TASK STATEMENT: Begin at the top of the records below and return each line exactly through the line with "这本秘籍还有一个特别重要的地". Skip pictures.

TASK INPUTS:
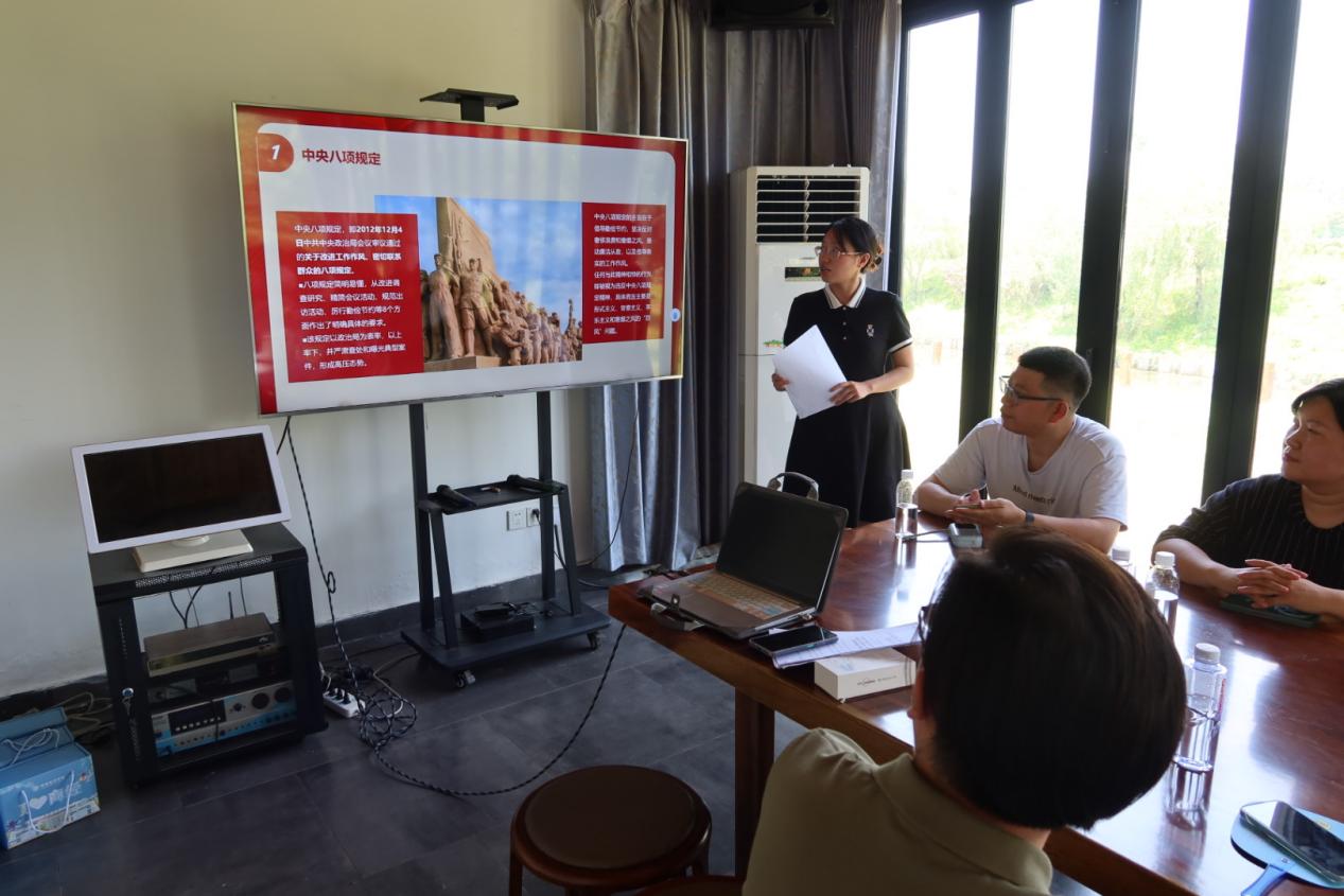 在联学环节,明星村党总支书记助理方媛进行了 “作风建设常抓不懈再出发 —— 深入贯彻中央八项规定精神学习教育” 微宣讲,带领与会教师深入学习中央八项规定及其实施细则精神,强化党员纪律意识,以思想学习推动作风建设。
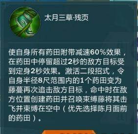 这本秘籍还有一个特别重要的地方在于他只重置一个药田,并且只重置面前最近的一块药田,如果没有试过的小伙伴你可以试试1222的秘籍点法,重置月缚藤制造的药田,有奇效哦,可以试试,我就不剧透啦,然后这本秘籍的药田附带60%减速,情不至深的伤害增加是计入的哦,大概这本秘籍要讲的就是这些。
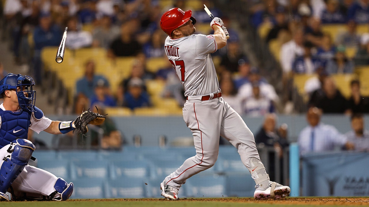 Mike Trout #27 of the Los Angeles Angels breaks his bat as he hits a single against the Los Angeles Dodgers during the ninth inning at Dodger Stadium. (Michael Owens/Getty Images)
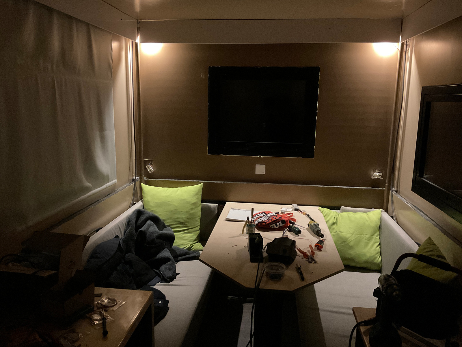 Zusammen ist es schon so hell, dass ich den Baustellenscheinwerfer rausschmeissen werde.
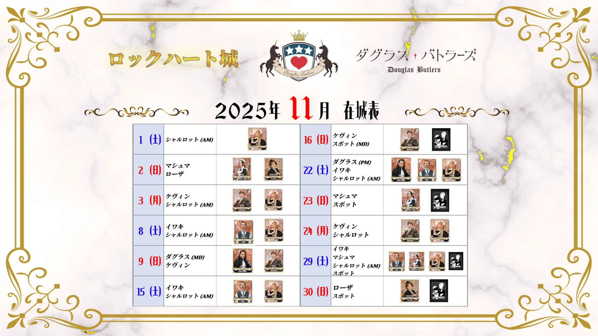 キャスト在城カレンダー

RESPONSE:
 在联学环节,明星村党总支书记助理方媛进行了 “作风建设常抓不懈再出发 —— 深入贯彻中央八项规定精神学习教育” 微宣讲,带领与会教师深入学习中央八项规定及其实施细则精神,强化党员纪律意识,以思想学习推动作风建设。
 这本秘籍还有一个特别重要的地方在于他只重置一个药田,并且只重置面前最近的一块药田,如果没有试过的小伙伴你可以试试1222的秘籍点法,重置月缚藤制造的药田,有奇效哦,可以试试,我就不剧透啦,然后这本秘籍的药田附带60%减速,情不至深的伤害增加是计入的哦,大概这本秘籍要讲的就是这些。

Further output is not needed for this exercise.